SOURCE INFORMATION Block Start
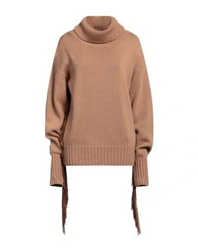 Woman Turtleneck Camel Size 10 Wool, Cashmere In Beige
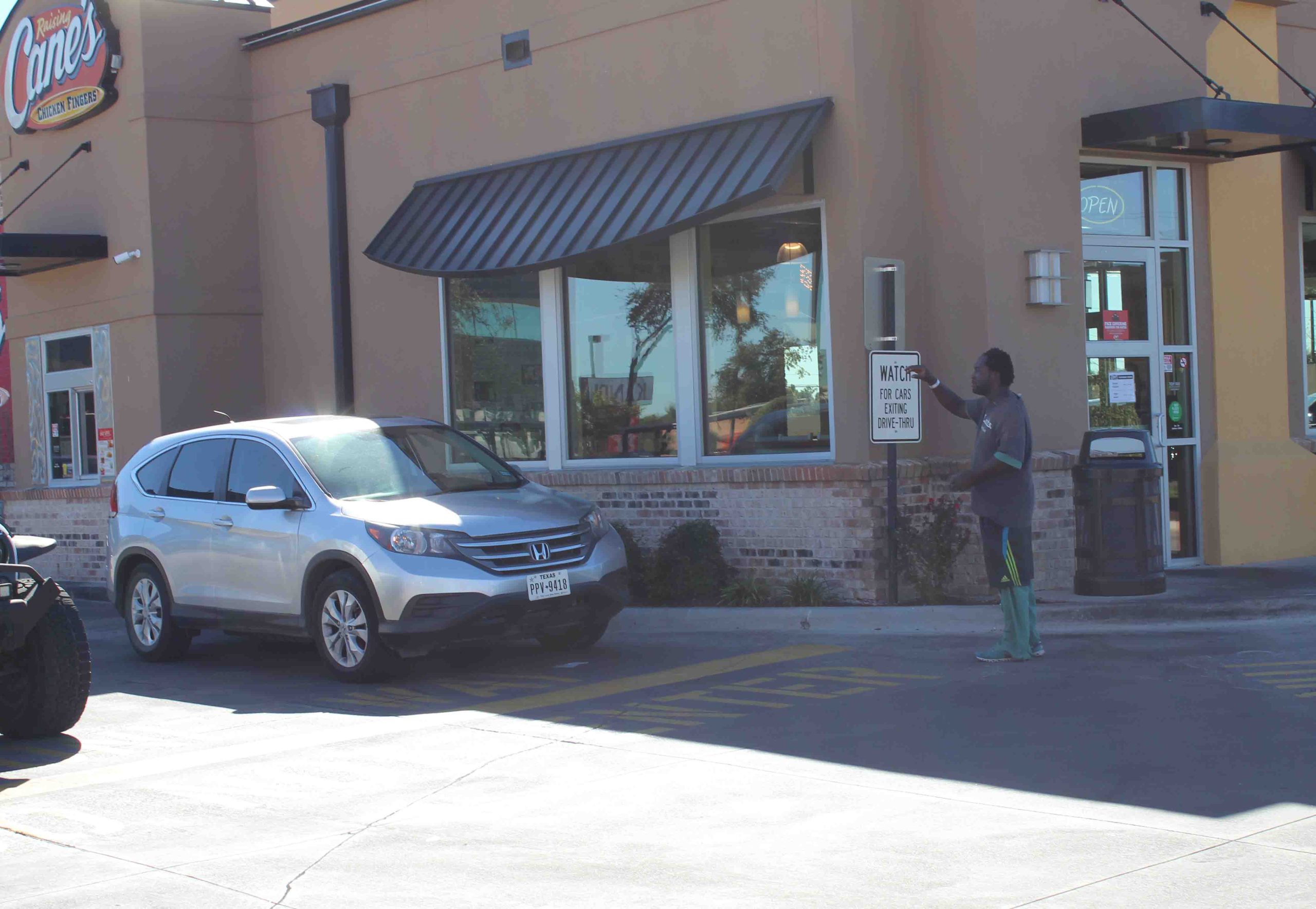 A man asks for money in the drive thru at Cane’s.
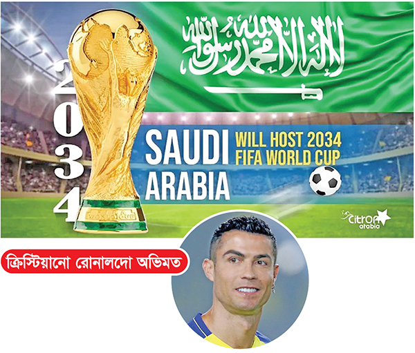 একরকম নিশ্চিতই ছিল, অপেক্ষা ছিল আনুষ্ঠানিক ঘোষণার। সেটিও এসে গেল। ফিফা ঘোষণা করলো দুই বিশ্বকাপের আয়োজক দেশের নাম। ২০৩০ সালের বিশ্বকাপ হবে ৬ দেশে। তবে পরের বিশ্বকাপ ২০৩৪ সালের আসর হবে এক দেশে। প্রথমবারের মতো বিশ্বকাপ আয়োজনের দায়িত্ব পেয়েছে সৌদি আরব। ক্রিস্টিয়ানো রোনালদোর মতে সৌদি আরবে অনুষ্ঠিত হতে যাওয়া ২০৩৪ বিশ্বকাপ সর্বকালের সেরা।
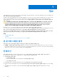 참고, 주의 및 경고 노트: 참고"는 제품을 보다 효율적으로 사용하는 데 도움이 되는 중요 정보를 제공합니다. 주의: 주의사항은 하드웨어의 손상 또는 데이터 유실 위험을 설명하며, 이러한 문제를 방지할 수 있는 방법을 알려줍니다. 경고: 경고는 재산 손실, 신체적 상해 또는 사망 위험이 있음을 알려줍니다. © 2014 ~ 2021 Dell Inc. or its subsidiaries. All rights reserved. Dell, EMC 및 기타 상표는 Dell Inc. 또는 그 자회사의 상표입니다. 다른 상표는 해당 소유자 의 상표일 수 있습니다.
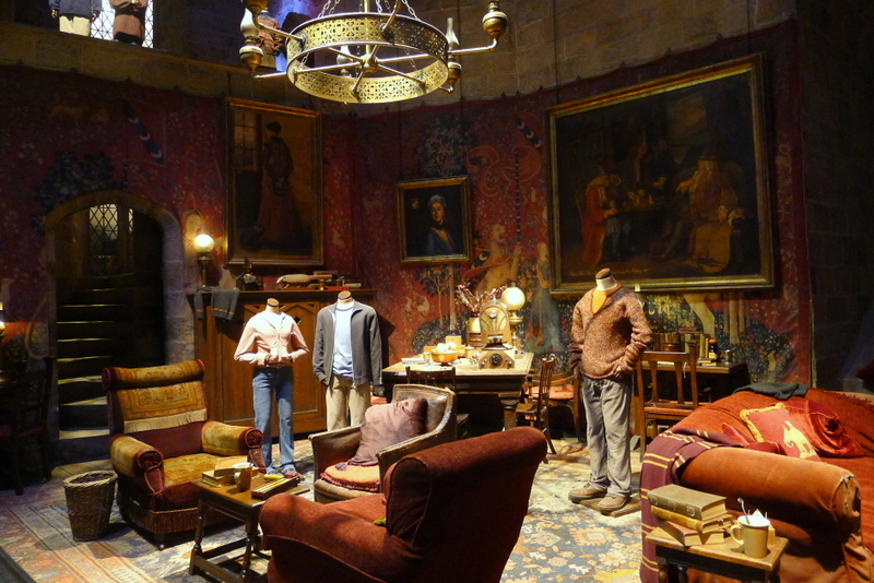 On pénètre ensuite dans un immense hangar où ont été reconstitués les décors les plus connus de la série: la salle commune de Gryffindor, le dortoir des garçons, le bureau de Dumbledore, la salle des potions, la cabane de Hagrid la salle à manger de chez les Weasley, les cheminées du Ministère de la Magie, le bureau de Dolores Umbrage…
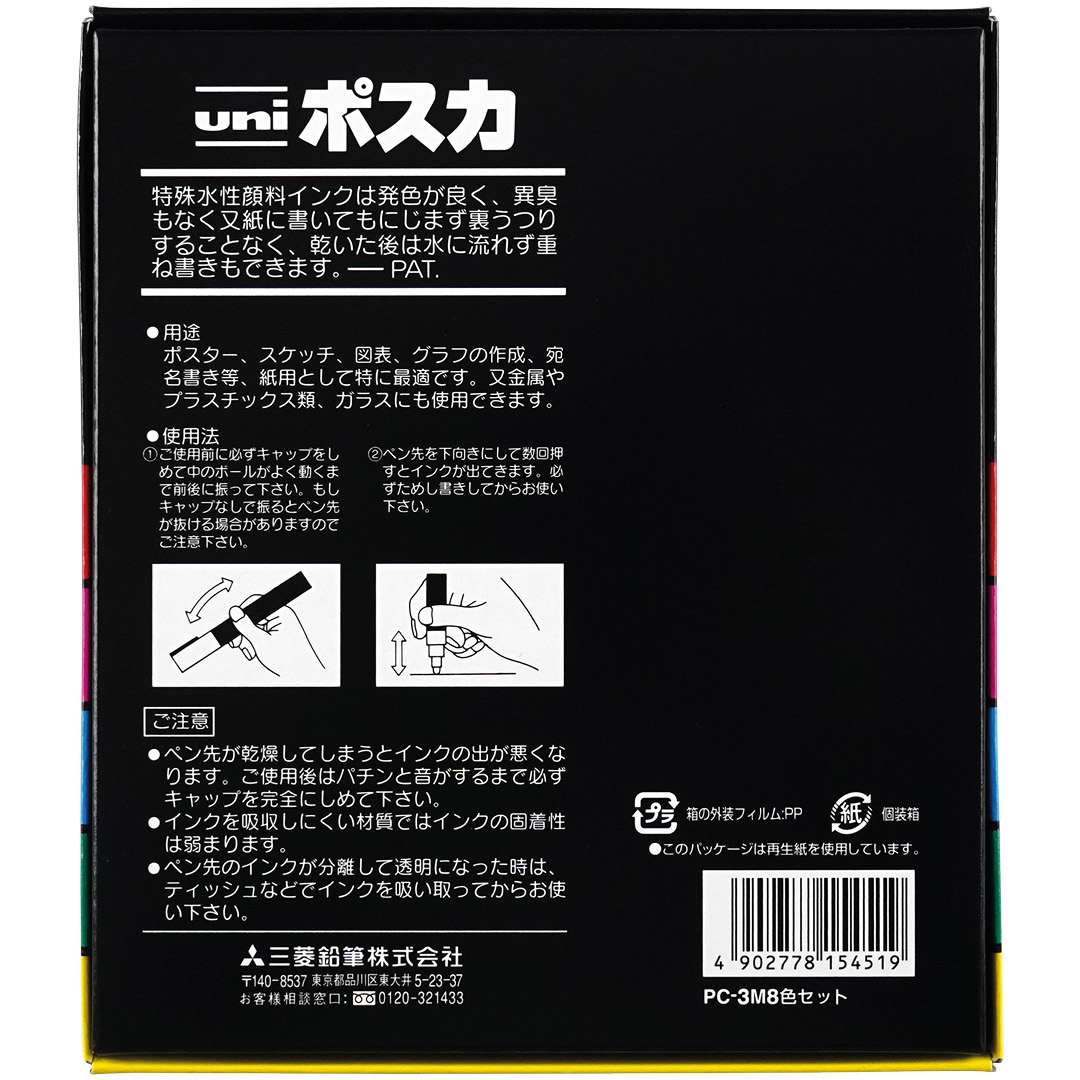 Uni Posca is a water-based opaque paint pen with pigments that adhere to a range of surfaces like paper, cardboard, wood, stone, textile, glass, plastic, and metal. The colour is permanent on many porous substrates and can be removed from smooth surfaces, making experimentation easy without damaging the base. The colour dries quickly, is odourless, and suits both spontaneous craft projects and more advanced artistic works.
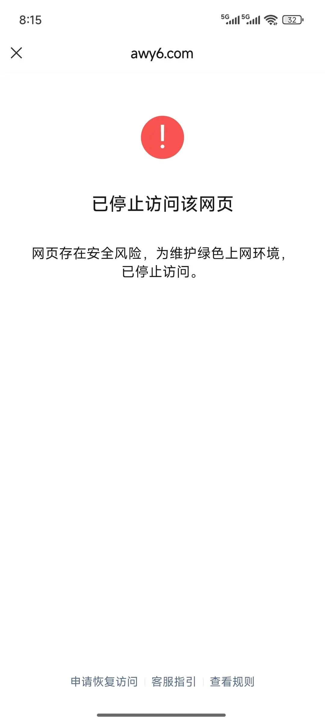 我们公众号运营的网站awy6.com无法打开了申诉好多天也没有结果 去检查了一下没有违规情况 请审核员指出违规链接好整改 谢谢
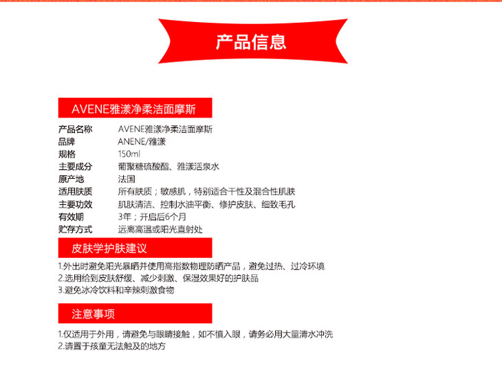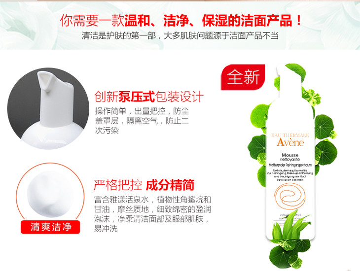 【荷兰直邮】Avene雅漾净柔洁面摩斯150ml
SOURCE INFORMATION Block End
**YOUR GOAL**
Leave out each picture and extract the lines from the one containing "Uni Posca is" through the end of the records above, inclusive, exactly as they stand.

**ANSWER TO THIS EXERCISE**
 Uni Posca is a water-based opaque paint pen with pigments that adhere to a range of surfaces like paper, cardboard, wood, stone, textile, glass, plastic, and metal. The colour is permanent on many porous substrates and can be removed from smooth surfaces, making experimentation easy without damaging the base. The colour dries quickly, is odourless, and suits both spontaneous craft projects and more advanced artistic works.
 我们公众号运营的网站awy6.com无法打开了申诉好多天也没有结果 去检查了一下没有违规情况 请审核员指出违规链接好整改 谢谢
 【荷兰直邮】Avene雅漾净柔洁面摩斯150ml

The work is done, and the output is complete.